TASK STATEMENT: Below are the records. Retype exactly the lines between the lines holding "T0482 Women's White" and "Abacus Market currently", inclusive.

DATASET ENTRIES:
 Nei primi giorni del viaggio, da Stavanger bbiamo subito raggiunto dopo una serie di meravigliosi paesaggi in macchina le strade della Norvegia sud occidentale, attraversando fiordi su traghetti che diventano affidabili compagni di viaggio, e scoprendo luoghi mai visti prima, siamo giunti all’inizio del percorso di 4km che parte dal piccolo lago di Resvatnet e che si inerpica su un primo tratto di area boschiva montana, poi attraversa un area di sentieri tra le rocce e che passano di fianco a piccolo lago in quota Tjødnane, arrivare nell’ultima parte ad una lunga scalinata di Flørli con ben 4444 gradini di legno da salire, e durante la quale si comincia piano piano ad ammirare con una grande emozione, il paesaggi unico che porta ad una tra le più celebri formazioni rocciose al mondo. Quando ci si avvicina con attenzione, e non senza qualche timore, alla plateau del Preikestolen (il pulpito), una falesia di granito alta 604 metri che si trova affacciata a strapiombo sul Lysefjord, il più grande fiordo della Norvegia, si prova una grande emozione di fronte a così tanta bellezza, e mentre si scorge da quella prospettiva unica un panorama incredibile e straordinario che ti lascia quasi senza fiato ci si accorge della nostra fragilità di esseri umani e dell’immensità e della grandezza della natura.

--

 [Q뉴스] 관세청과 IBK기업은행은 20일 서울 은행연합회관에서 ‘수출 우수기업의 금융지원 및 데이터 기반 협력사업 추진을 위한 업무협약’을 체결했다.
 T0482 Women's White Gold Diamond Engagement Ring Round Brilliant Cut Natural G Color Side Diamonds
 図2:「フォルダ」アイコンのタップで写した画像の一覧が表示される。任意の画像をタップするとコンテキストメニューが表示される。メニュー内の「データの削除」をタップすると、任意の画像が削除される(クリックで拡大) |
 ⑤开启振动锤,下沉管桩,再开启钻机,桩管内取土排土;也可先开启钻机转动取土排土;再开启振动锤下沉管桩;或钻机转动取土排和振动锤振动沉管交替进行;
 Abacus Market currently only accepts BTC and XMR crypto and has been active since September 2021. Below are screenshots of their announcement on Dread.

...

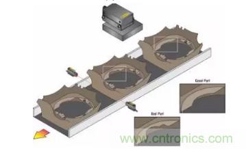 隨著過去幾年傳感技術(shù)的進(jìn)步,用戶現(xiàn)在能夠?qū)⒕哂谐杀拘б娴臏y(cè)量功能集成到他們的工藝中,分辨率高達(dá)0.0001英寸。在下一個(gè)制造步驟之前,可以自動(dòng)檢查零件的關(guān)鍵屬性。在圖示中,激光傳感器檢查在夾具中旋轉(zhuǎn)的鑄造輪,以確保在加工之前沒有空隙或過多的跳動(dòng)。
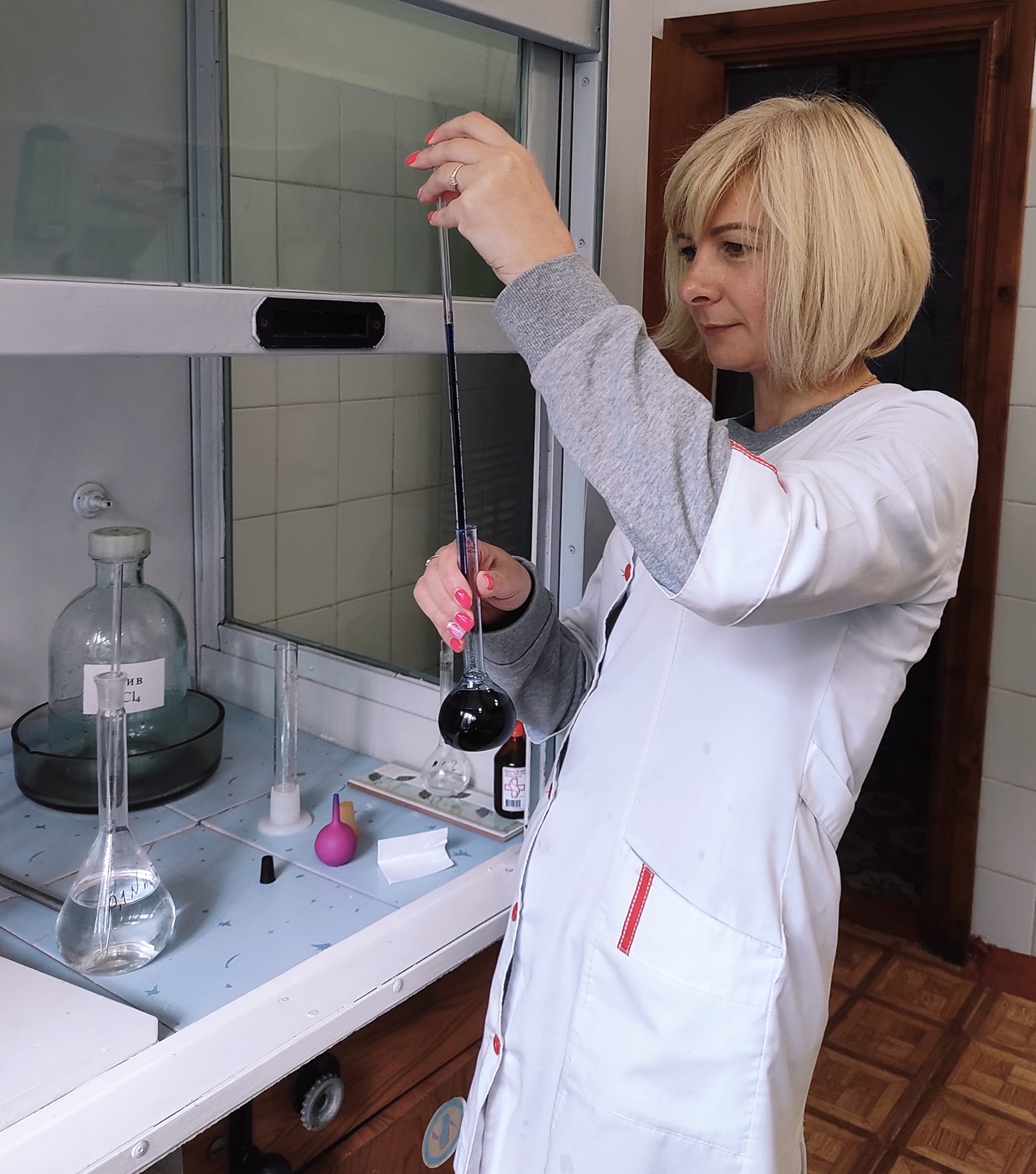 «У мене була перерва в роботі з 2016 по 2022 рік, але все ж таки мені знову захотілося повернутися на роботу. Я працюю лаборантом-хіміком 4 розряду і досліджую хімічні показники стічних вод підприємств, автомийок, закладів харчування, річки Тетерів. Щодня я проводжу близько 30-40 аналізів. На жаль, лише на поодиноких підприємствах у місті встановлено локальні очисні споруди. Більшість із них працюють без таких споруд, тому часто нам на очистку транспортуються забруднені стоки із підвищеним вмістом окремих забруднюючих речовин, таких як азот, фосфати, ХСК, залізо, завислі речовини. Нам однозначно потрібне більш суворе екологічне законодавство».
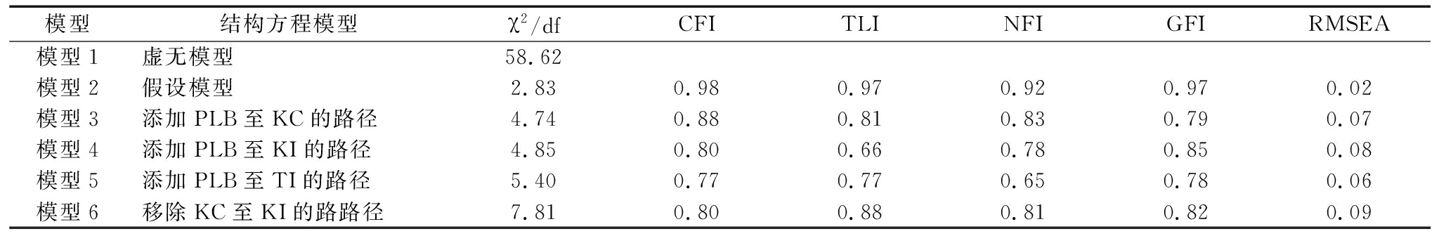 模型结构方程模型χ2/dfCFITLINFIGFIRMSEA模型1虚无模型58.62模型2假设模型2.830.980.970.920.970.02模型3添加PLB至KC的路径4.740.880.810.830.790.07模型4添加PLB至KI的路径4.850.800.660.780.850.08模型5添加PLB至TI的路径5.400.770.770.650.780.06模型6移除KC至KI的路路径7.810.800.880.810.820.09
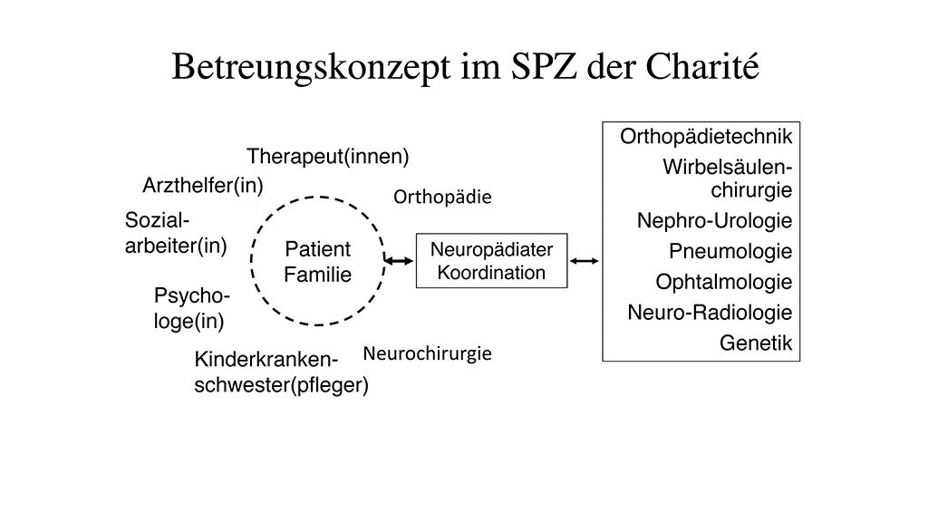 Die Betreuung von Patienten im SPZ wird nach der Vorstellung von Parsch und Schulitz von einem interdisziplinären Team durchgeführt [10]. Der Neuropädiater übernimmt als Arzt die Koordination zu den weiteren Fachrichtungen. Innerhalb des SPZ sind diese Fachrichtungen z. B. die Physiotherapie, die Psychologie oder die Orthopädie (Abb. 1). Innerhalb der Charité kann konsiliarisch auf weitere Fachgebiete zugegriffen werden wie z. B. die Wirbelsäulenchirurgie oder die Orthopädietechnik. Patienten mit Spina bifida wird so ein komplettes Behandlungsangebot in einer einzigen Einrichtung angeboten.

ANSWER TO THE PROBLEM:
 T0482 Women's White Gold Diamond Engagement Ring Round Brilliant Cut Natural G Color Side Diamonds
 図2:「フォルダ」アイコンのタップで写した画像の一覧が表示される。任意の画像をタップするとコンテキストメニューが表示される。メニュー内の「データの削除」をタップすると、任意の画像が削除される(クリックで拡大) |
 ⑤开启振动锤,下沉管桩,再开启钻机,桩管内取土排土;也可先开启钻机转动取土排土;再开启振动锤下沉管桩;或钻机转动取土排和振动锤振动沉管交替进行;
 Abacus Market currently only accepts BTC and XMR crypto and has been active since September 2021. Below are screenshots of their announcement on Dread.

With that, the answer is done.